P. Luis Vaccaro Cuevas
Teólogo
La curación del ciego Bartimeo se nos ofrece como una muestra más en la larga lista de milagros obrados por Jesús en personas no videntes. El tema teológico que subyace al gesto salvador de Jesús está profundamente ligado a las promesas mesiánicas del Antiguo Testamento que San Marcos recoge en su evangelio. Resuenan, en este texto los oráculos de Isaías sobre el tema de la ceguera de Israel, aquél que tiene “los ojos cerrados”, que se ha vuelto incapaz de ver los signos de los tiempos y la acción de Dios en la historia.
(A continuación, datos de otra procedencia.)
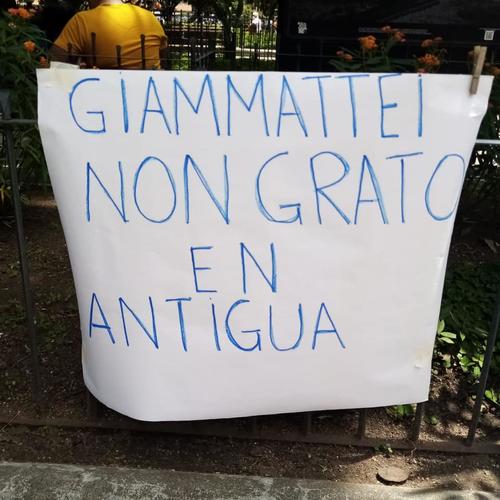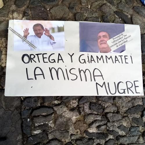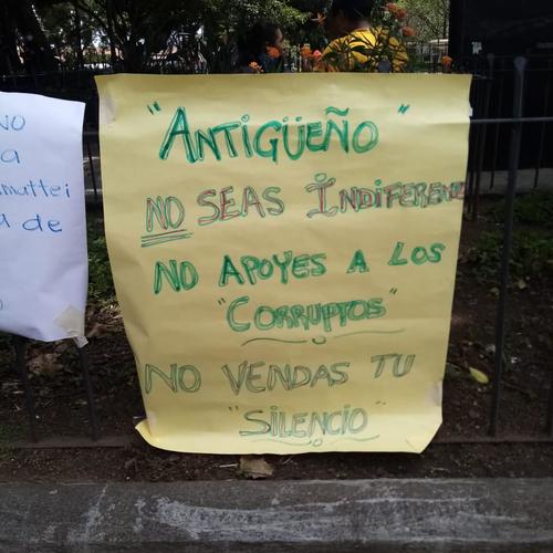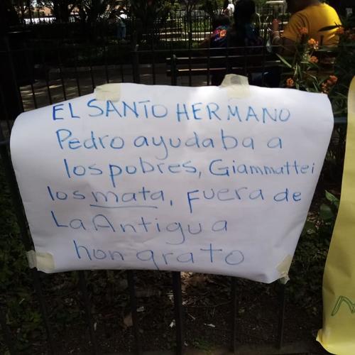 "Renuncia Giammattei", "Giammattei non grato", "Fuera Giammattei", son algunos de los mensajes que se lee en pancartas de manifestantes en la Antigua Guatemala.

Esa es la misión del Mesías: hacer brillar la luz sobre las tinieblas para que todos vean la presencia salvadora de Dios.
Podemos entender, entonces, que bajo la simple descripción física de la curación de Bartimeo, se manifiesta un signo más profundo, y por tanto de cuño claramente mesiánico. Es lo que manifiesta, como grito lleno de esperanza, el ciego al proferir la exclamación “Hijo de David” dos veces en el texto. La ceguera profunda y no sólo física de ese hombre frente a Jesús desaparece. Es más, es el mismo Jesús el que proclama el don de la fe presente en este pobre hombre situado al borde del camino de la vida y abandonado de la multitud “muchos le gritaban para hacerlo callar”; frente a ellos, las palabras de Jesús son claras: “Tu fe te ha salvado”. Resulta muy significativa la reacción del ciego a las palabras y al acto milagroso de Jesús: “y se puso a seguirlo por el camino”. Es el seguimiento del discípulo. Por ello, en este texto de modo especial, la narración de un milagro se convierte en la historia de una vocación a la fe y al discipulado.
La presencia de Jesús se convierte entonces en raíz de la liberación de cualquier ceguera, es la imagen usada en San Marcos para expresar la ausencia de la verdadera luz que el hombre sufre, en todo tiempo y lugar. Nuestras cegueras de hoy nos son muy diferentes de las de los hombres y mujeres de otras épocas, y además producen el mismo fruto: el abandono, la incapacidad de caminar solos, la pérdida de visión de los acontecimientos, personas y circunstancias que constituyen el tejido vital de la historia y de la vida concreta.
En la figura de Bartimeo está reflejado el existir de cada uno. Está concretado la realidad de la Iglesia: una comunidad de hombres y mujeres, que no son poderosos, autosuficientes, sino pobres, ciegos y sordos.
A todos y a cada uno nos es dirigido el gesto de salvación de Jesús, que es más que la liberación de nuestra ceguera, es el regalo de la fe que nos permite recorrer en mismo camino de Jesús.